(Extracted data entries)
======

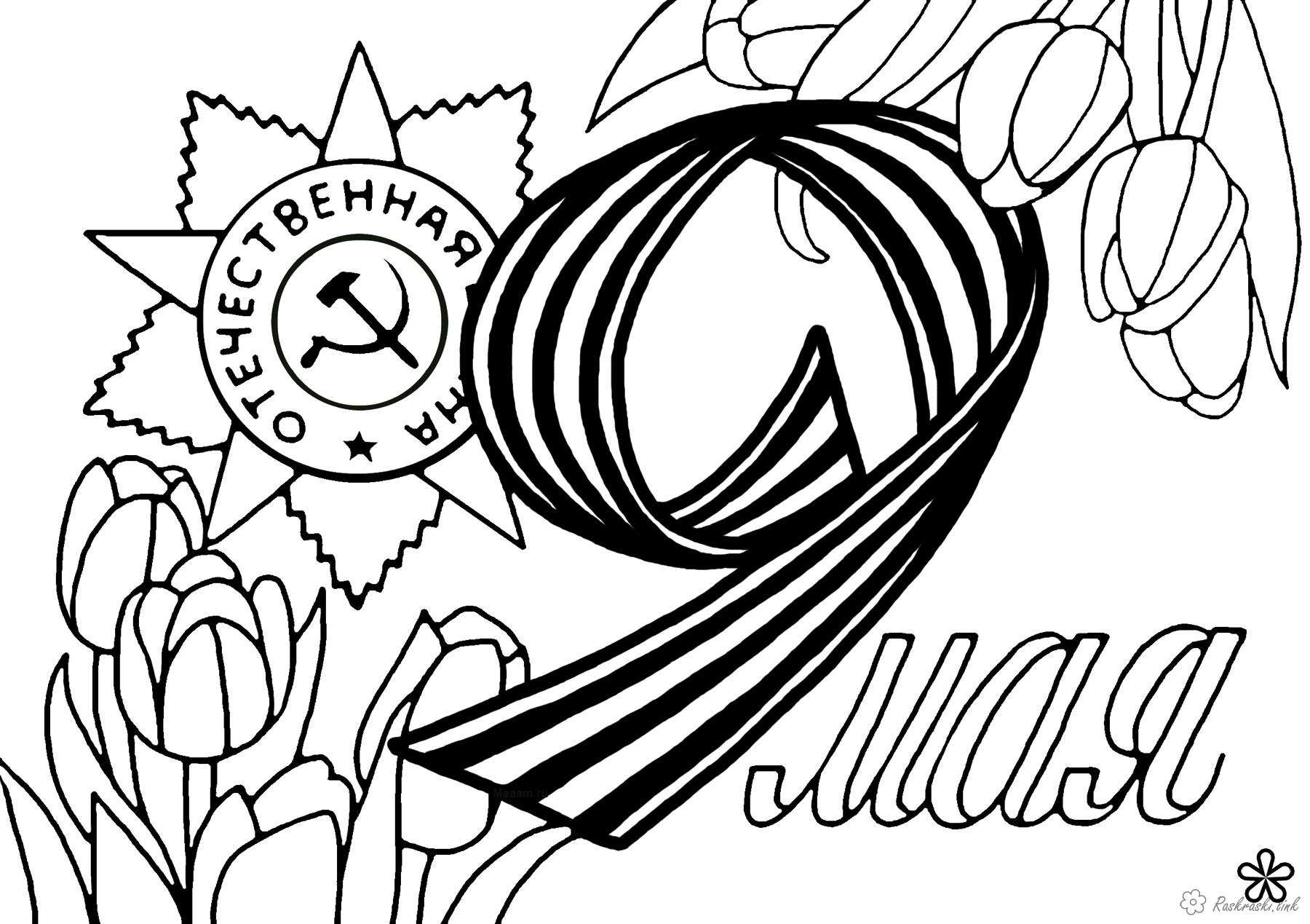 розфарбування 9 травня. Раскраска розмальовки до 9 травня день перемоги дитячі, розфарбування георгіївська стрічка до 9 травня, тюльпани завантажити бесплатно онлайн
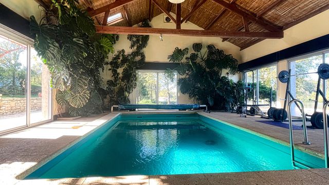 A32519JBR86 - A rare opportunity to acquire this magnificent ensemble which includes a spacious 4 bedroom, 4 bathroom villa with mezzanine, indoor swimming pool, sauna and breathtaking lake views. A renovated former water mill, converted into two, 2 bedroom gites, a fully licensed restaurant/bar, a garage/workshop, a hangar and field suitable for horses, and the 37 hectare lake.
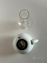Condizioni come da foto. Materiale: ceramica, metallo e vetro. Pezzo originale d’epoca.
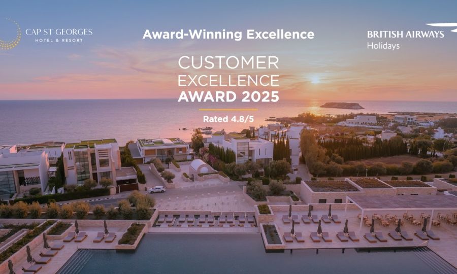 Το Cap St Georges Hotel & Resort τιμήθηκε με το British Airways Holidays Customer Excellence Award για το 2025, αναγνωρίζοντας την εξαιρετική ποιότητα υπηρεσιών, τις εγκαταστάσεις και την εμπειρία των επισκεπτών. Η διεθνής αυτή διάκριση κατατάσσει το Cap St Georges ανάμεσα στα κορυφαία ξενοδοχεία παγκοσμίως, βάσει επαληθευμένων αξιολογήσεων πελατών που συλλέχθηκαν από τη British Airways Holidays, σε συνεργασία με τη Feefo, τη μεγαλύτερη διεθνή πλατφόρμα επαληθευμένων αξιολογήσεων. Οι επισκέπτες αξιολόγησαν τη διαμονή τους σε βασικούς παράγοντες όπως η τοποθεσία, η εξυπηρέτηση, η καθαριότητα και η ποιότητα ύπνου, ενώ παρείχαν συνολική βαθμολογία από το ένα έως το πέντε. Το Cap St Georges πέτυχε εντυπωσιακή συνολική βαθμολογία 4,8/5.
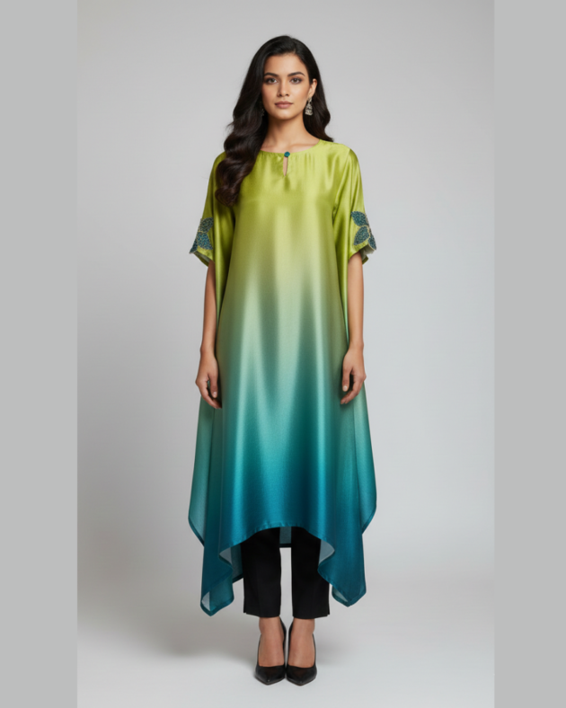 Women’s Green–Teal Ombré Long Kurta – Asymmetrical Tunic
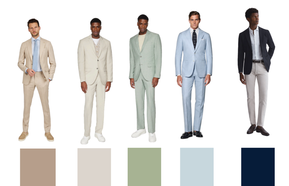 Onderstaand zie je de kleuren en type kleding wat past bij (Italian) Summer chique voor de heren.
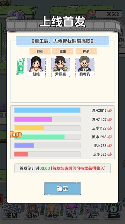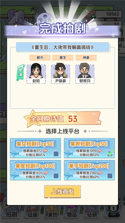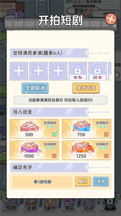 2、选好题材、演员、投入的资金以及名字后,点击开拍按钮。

======

Exercise aim – Set down the lines from the one containing "Onderstaand zie je" through the last line of the records above, both included, exactly as they appear and with no other text. Pictures should not be set down.

Answer for the task –
 Onderstaand zie je de kleuren en type kleding wat past bij (Italian) Summer chique voor de heren.
 2、选好题材、演员、投入的资金以及名字后,点击开拍按钮。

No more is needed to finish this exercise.